Abdurrahman Sonmezler ( Department of Neurology, Harran University, Sanliurfa, Turkey. )
Tahir Kurtulus Yoldas ( Department of Neurology, Harran University, Sanliurfa, Turkey. )
Objective: To determine the distribution rate of Electroneuromyography diagnosis and correspondence between the preliminary diagnosis and final outcome.
Methods: The retrospective study was conducted at the Department of Neurology, Harran University, Sanliurfa, Turkey, and comprised record of patients diagnosed with Electroneuromyography during a 24-month period from April 2011 to April 2013. SPSS 11.5 was used for data analysis.
Results: Of the 4,230 cases reviewed, 1,946 (46%) showed normal Electroneuromyography findings despite pathological Electroneuromyography findings in 2,284(54%) cases. The most common diagnosis was carpal tunnel syndrome in 721(17%) patients, followed by polyneuropathy 312(7.4%), peripheral nerve injury 238(5.6%), brachial plexus lesion 180(4.3%), myopathy 114(2.7%), lumbar radiculopathy 108(2.6%), poliomyelitis 62(1.5%) and injection neuropathy 62(1.5%).
Conclusion: Off-label use of Electroneuromyography may be reduced by using electroneurophysiological laboratory rotation as well as adequate and comprehensive clinical evaluation of patients.
Keywords: Electroneuromyography, diagnosis. (JPMA 65: 245; 2015).
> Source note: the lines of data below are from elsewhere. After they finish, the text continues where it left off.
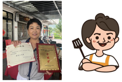当时,夏志良作为市级文化特派员,正好派驻在镬炉村,他们在一周内设计出“金穗”系列包装,还以镬炉村的非遗文化为底色,以黄银平为原型,设计创造了一个卡通IP形象“黄妈妈”。“黄妈妈”身着传统围裙,手持象征荣誉与传承的金镬铲,突破传统粉干品牌刻板印象,以年轻化的审美表达与主视觉系统设计,结合慢直播等形式,成功推动乡土文化从静态陈列转向动态传播。传统工艺融合现代美学,产品迅速走红,甚至成为游客必带的“楠溪伴手礼”。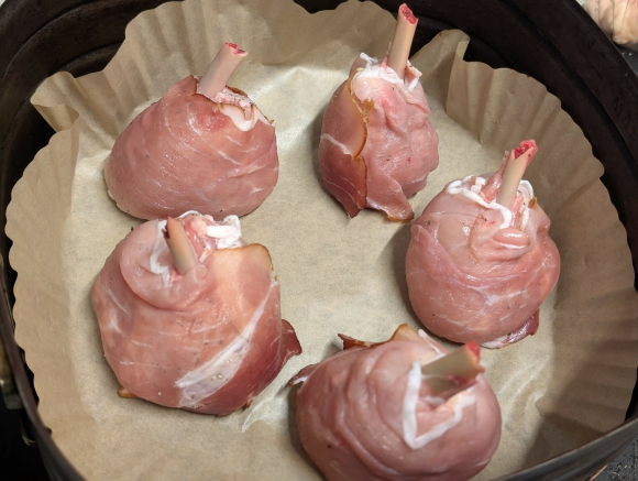 Наредете ги подготвените копани вертикално во сад за печење, претходно обложен со хартија за печење. Печете на 180°C околу 15–20 минути, додека месото не се стегне, а шунката не стане крцкава.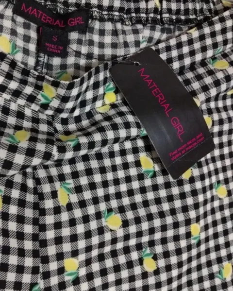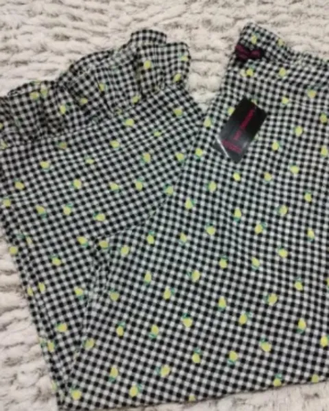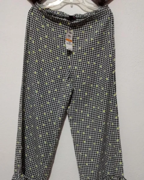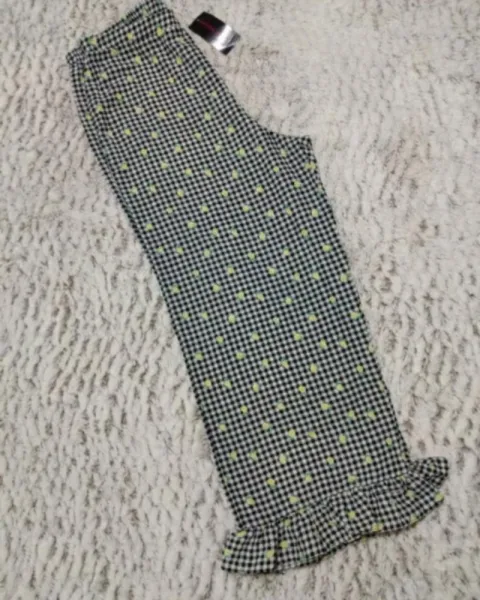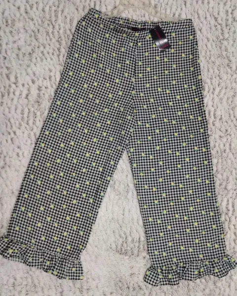 Hermoso y peculiar pantalón Capri, es de cuadritos blanco y negro, y de estampado trae unas pequeñas frutitas, tiene olan en la parte de abajo, se me súper tierno! Talla S, pero queda a M.

Electroneuromyography (ENMG) is an essential method for evaluation of the anterior horn cells, peripheral nervous system, neuromuscular junctions and the neurophysiological state of muscles. It is an indispensable tool for diagnosis and prognosis, for determining the course of treatment, and for following up on the effectiveness of current treatments.1,2 Despite advances in medical techniques, ENMG has retained its value.3
Medical history and physical examination findings are necessary for the ENMG team to perform electrodiagnostic tests that are comprehensive and appropriate for each case.4
The current study was planned to determine the distribution rate of ENMG diagnoses and correspondence between the preliminary diagnosis and final outcome.
Patients and Methods
The retrospective study was conducted at the Department of Neurology, Harran University, Sanliurfa, Turkey, and comprised record of patients diagnosed with ENMG during a 24-month period from April 2011 to April 2013.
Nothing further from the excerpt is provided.